* _EXERCISE DESCRIPTION_: Here the job is to transcribe only the lines from the one containing "Ovarian cancer is" through the last line below, exactly as written; please leave out pictures.

(SUPPLIED MATERIAL Opens)

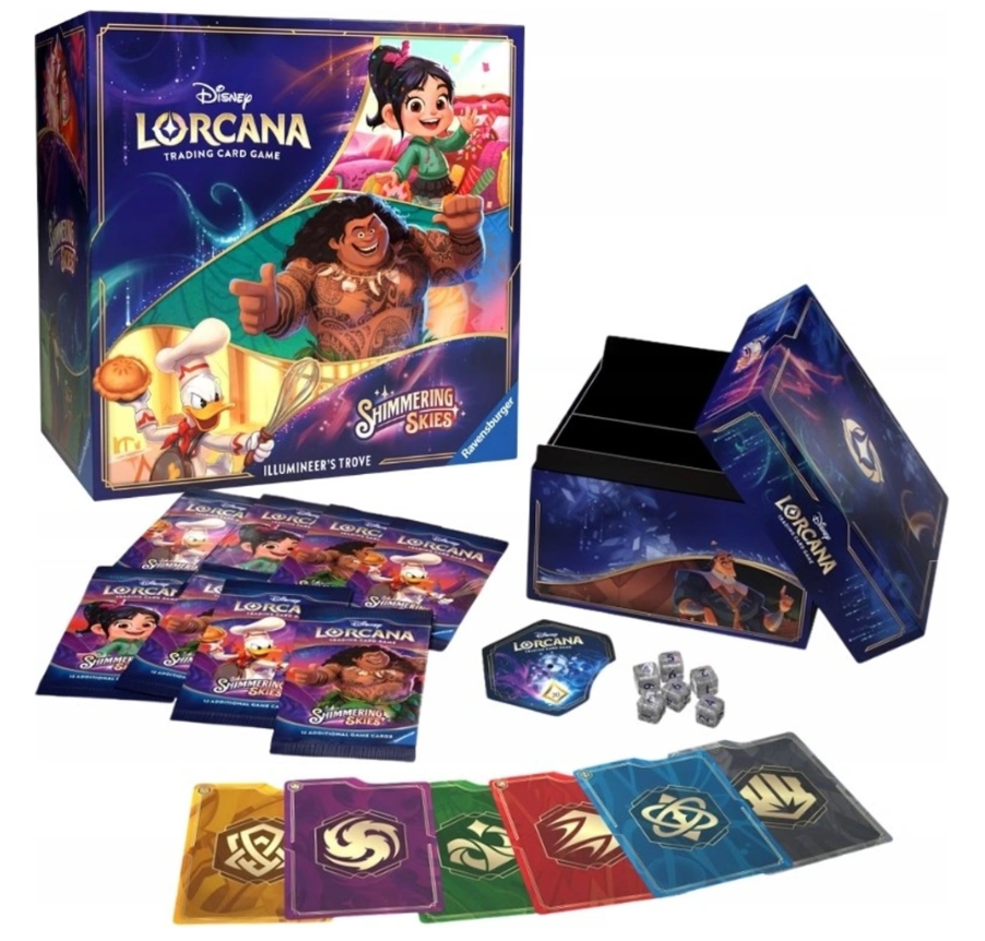 Obsahuje 8 booster balíčků z edice Shimmering Skies a praktické herní doplňky. Součástí jsou také organizér na karty, děličky, kostky a „Lore counter“.
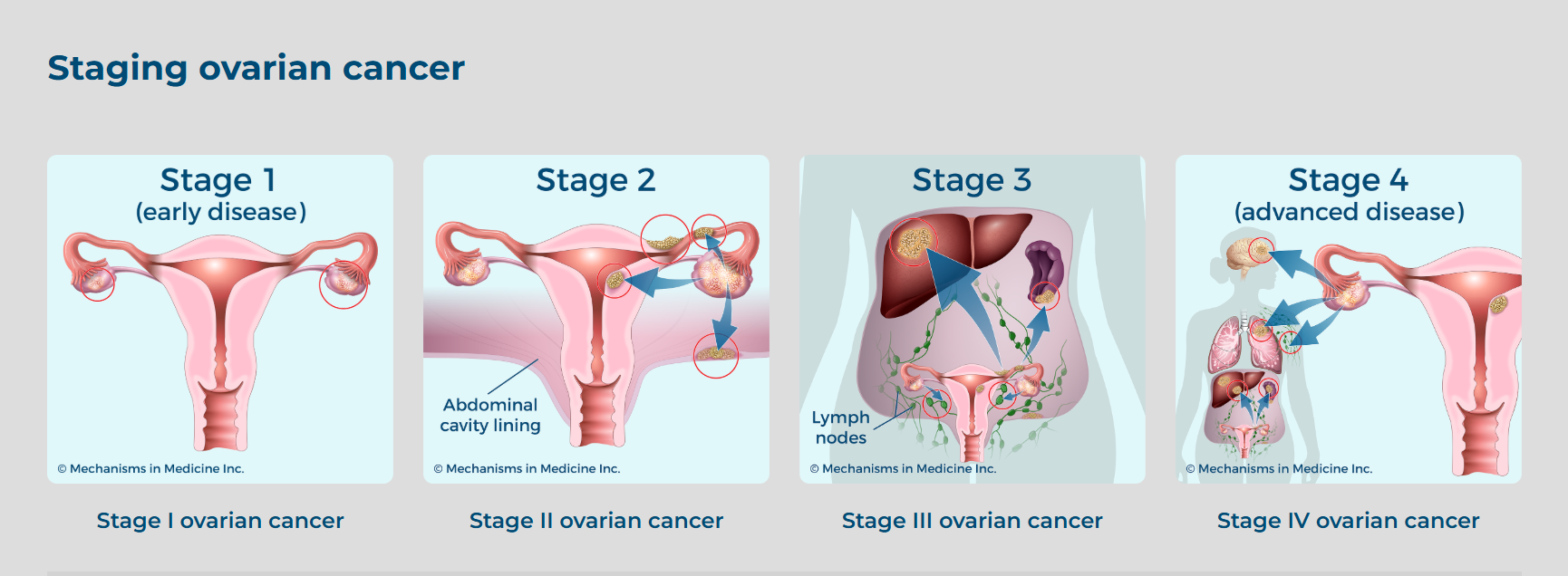 Ovarian cancer is staged using the FIGO system (similar to AJCC TNM), with stages I–IV based on extent of spread29.
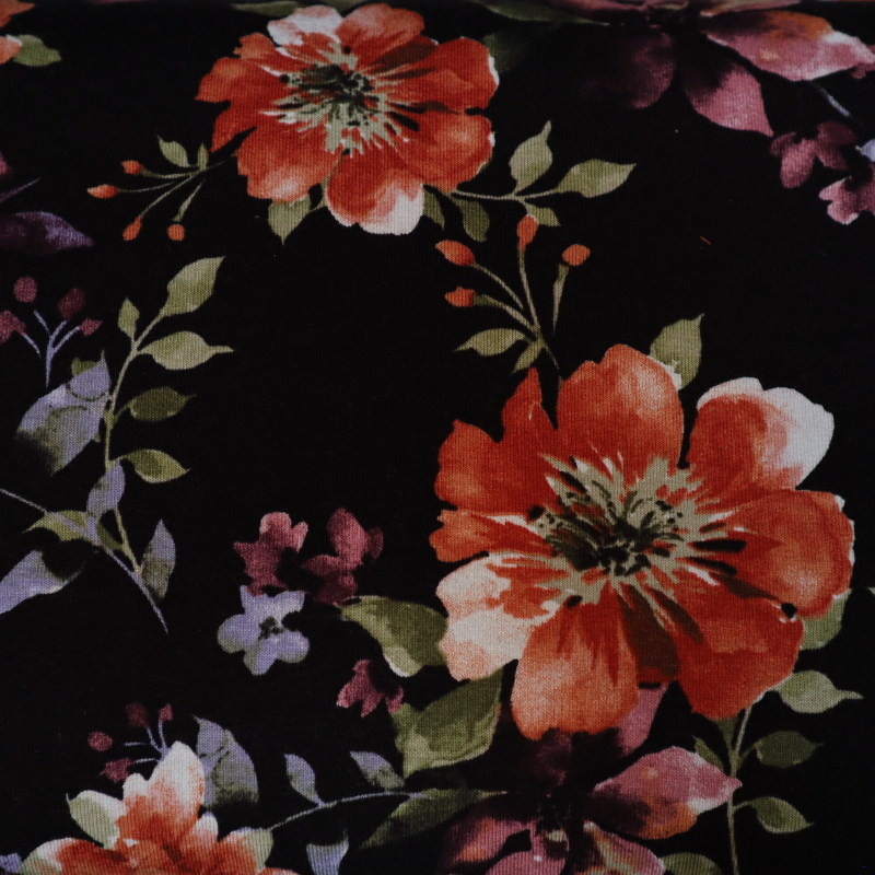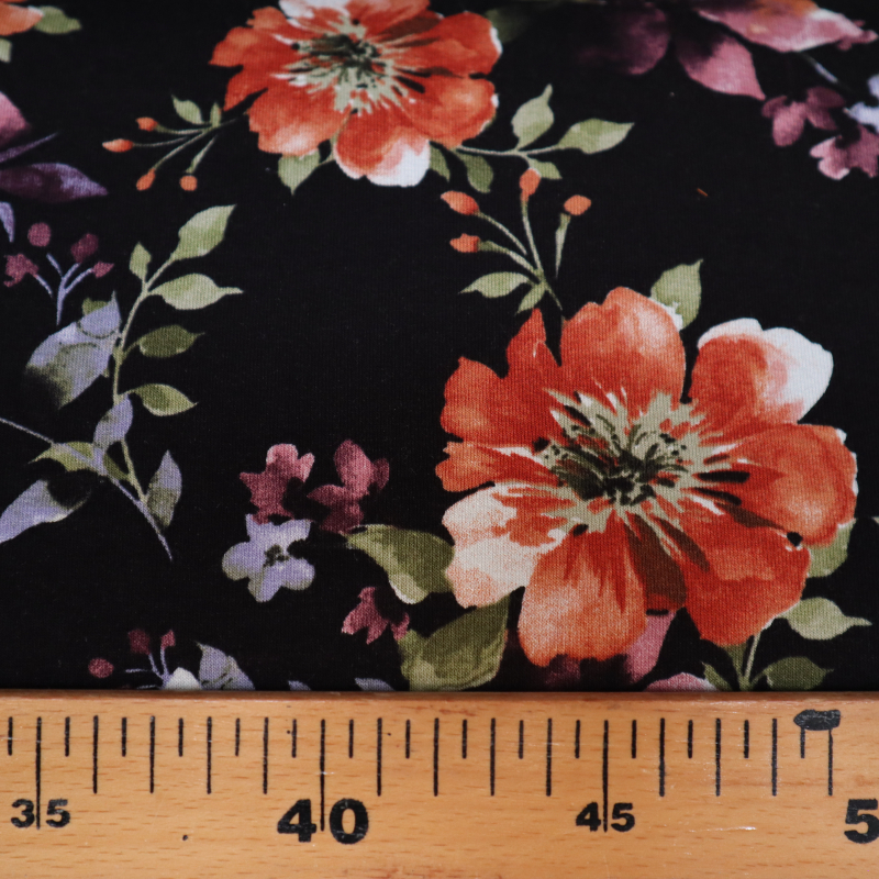 Viskózový úplet Jersey Print Flowers Black

(SUPPLIED MATERIAL Closes)

* _EXPECTED ANSWER_:
 Ovarian cancer is staged using the FIGO system (similar to AJCC TNM), with stages I–IV based on extent of spread29.
 Viskózový úplet Jersey Print Flowers Black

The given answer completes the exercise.